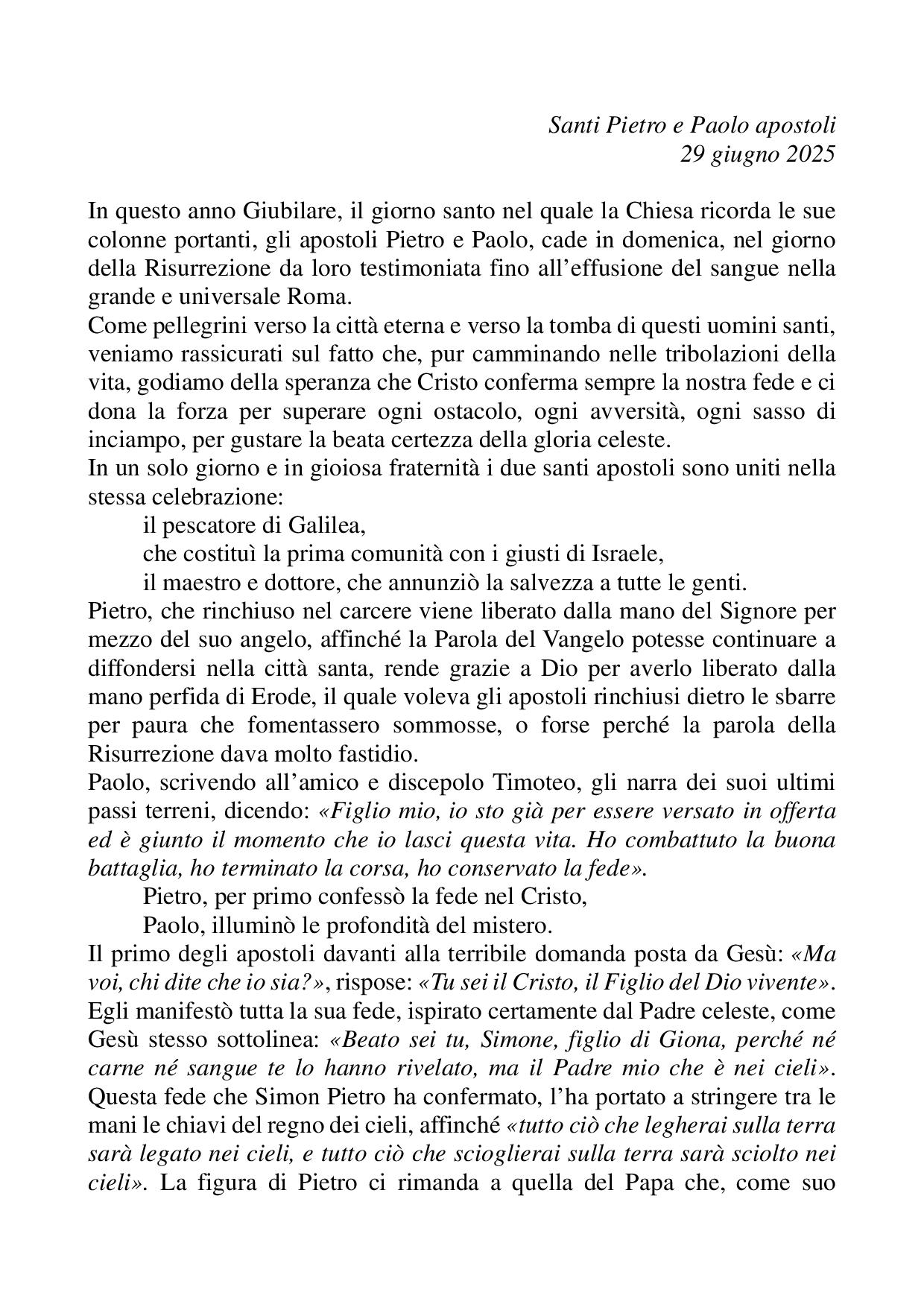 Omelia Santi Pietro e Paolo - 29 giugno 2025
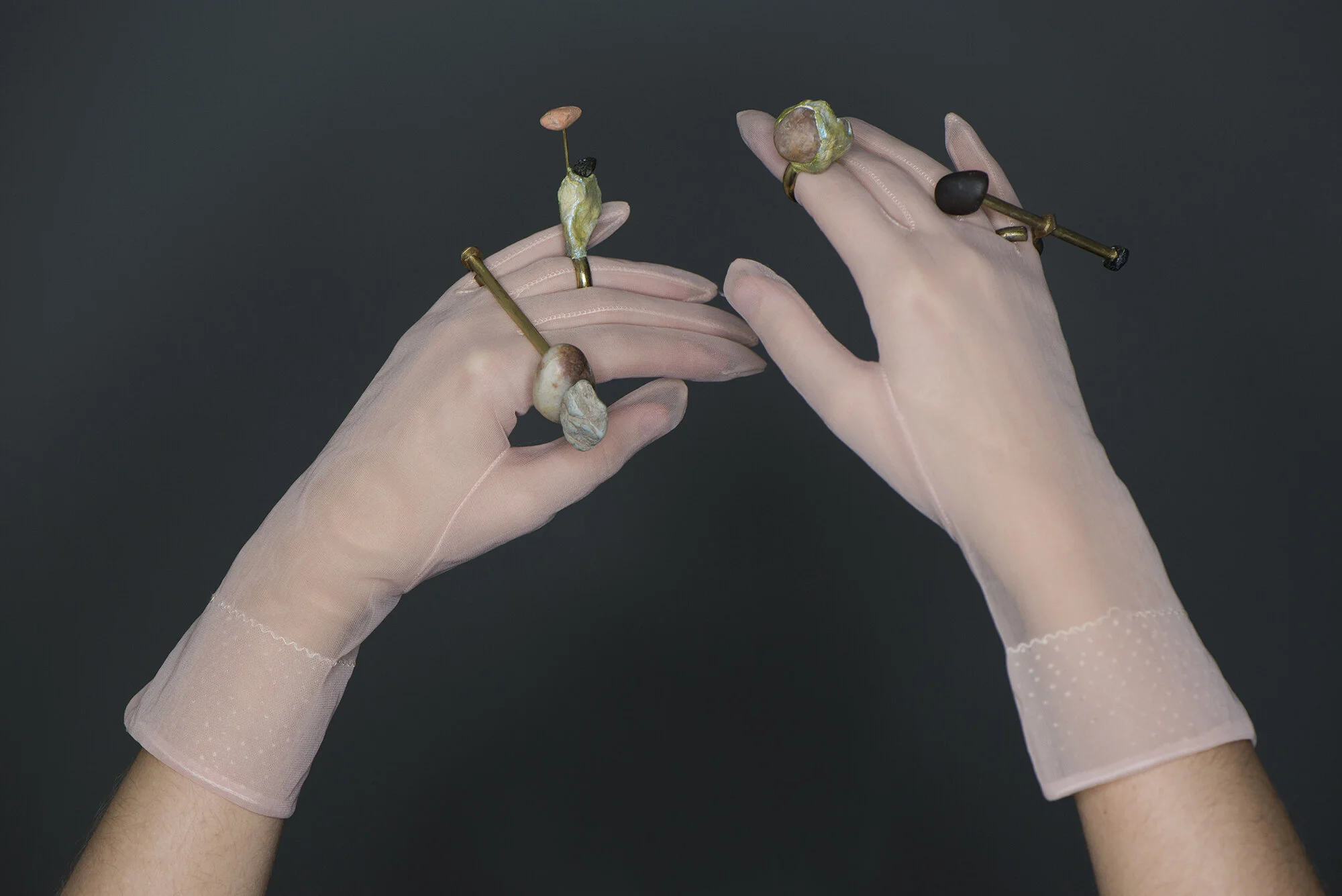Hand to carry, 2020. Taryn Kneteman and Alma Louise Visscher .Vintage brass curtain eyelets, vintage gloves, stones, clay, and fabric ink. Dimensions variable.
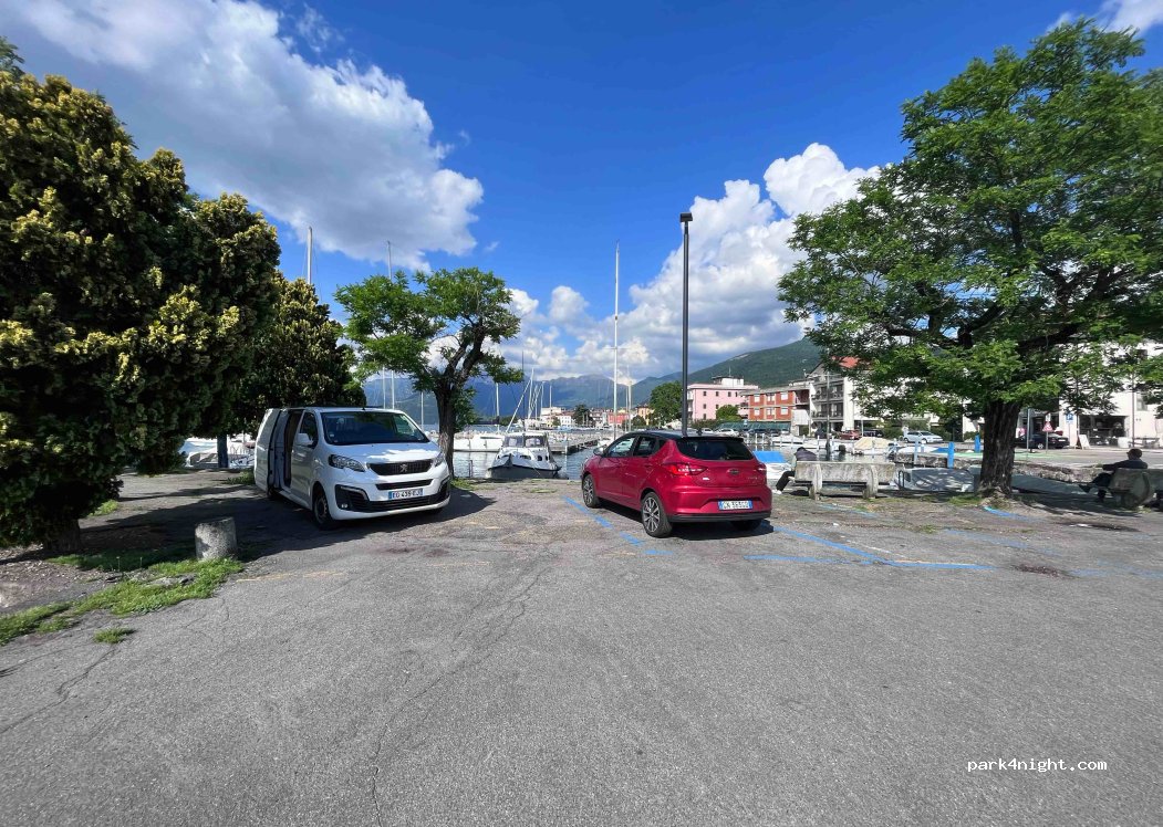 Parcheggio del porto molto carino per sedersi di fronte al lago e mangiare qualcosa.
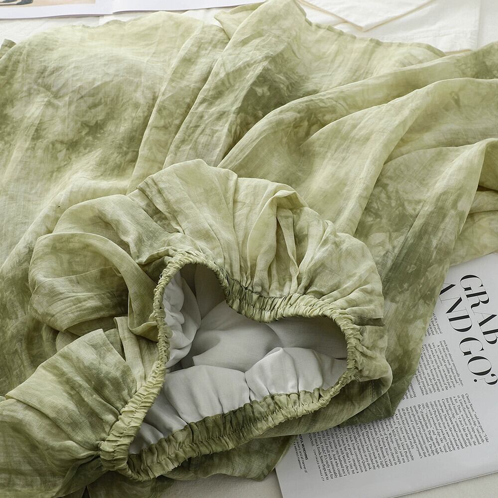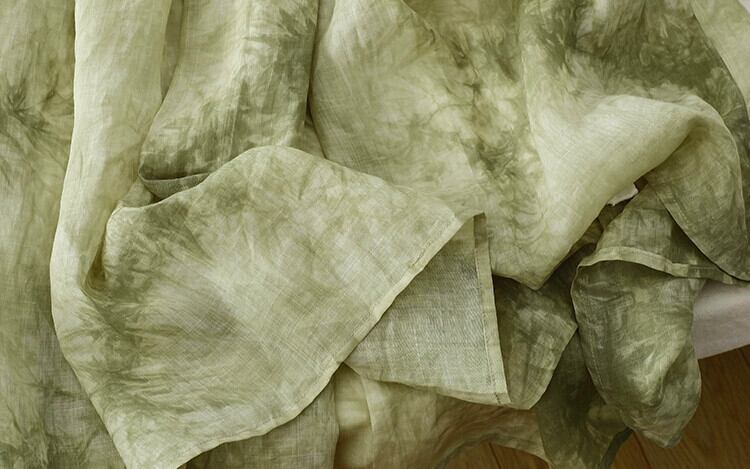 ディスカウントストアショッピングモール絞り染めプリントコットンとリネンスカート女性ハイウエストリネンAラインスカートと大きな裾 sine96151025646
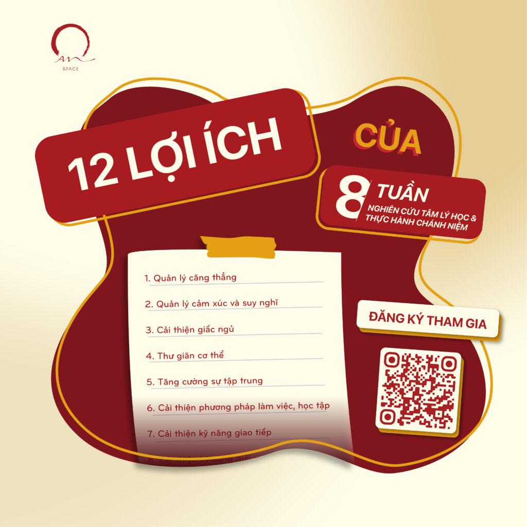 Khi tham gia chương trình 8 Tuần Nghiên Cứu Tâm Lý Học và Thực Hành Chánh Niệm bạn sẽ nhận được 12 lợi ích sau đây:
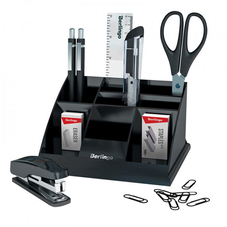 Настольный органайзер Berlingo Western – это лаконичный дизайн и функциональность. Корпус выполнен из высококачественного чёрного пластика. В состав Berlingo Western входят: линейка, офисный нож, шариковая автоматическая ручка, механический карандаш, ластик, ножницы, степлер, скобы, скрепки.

* * *

== Problem details ==
Please copy exactly, and only, the lines from the one that contains "ディスカウントストアショッピ" through the last line of the data above, omitting all pictures.

== The completed task ==
 ディスカウントストアショッピングモール絞り染めプリントコットンとリネンスカート女性ハイウエストリネンAラインスカートと大きな裾 sine96151025646
 Khi tham gia chương trình 8 Tuần Nghiên Cứu Tâm Lý Học và Thực Hành Chánh Niệm bạn sẽ nhận được 12 lợi ích sau đây:
 Настольный органайзер Berlingo Western – это лаконичный дизайн и функциональность. Корпус выполнен из высококачественного чёрного пластика. В состав Berlingo Western входят: линейка, офисный нож, шариковая автоматическая ручка, механический карандаш, ластик, ножницы, степлер, скобы, скрепки.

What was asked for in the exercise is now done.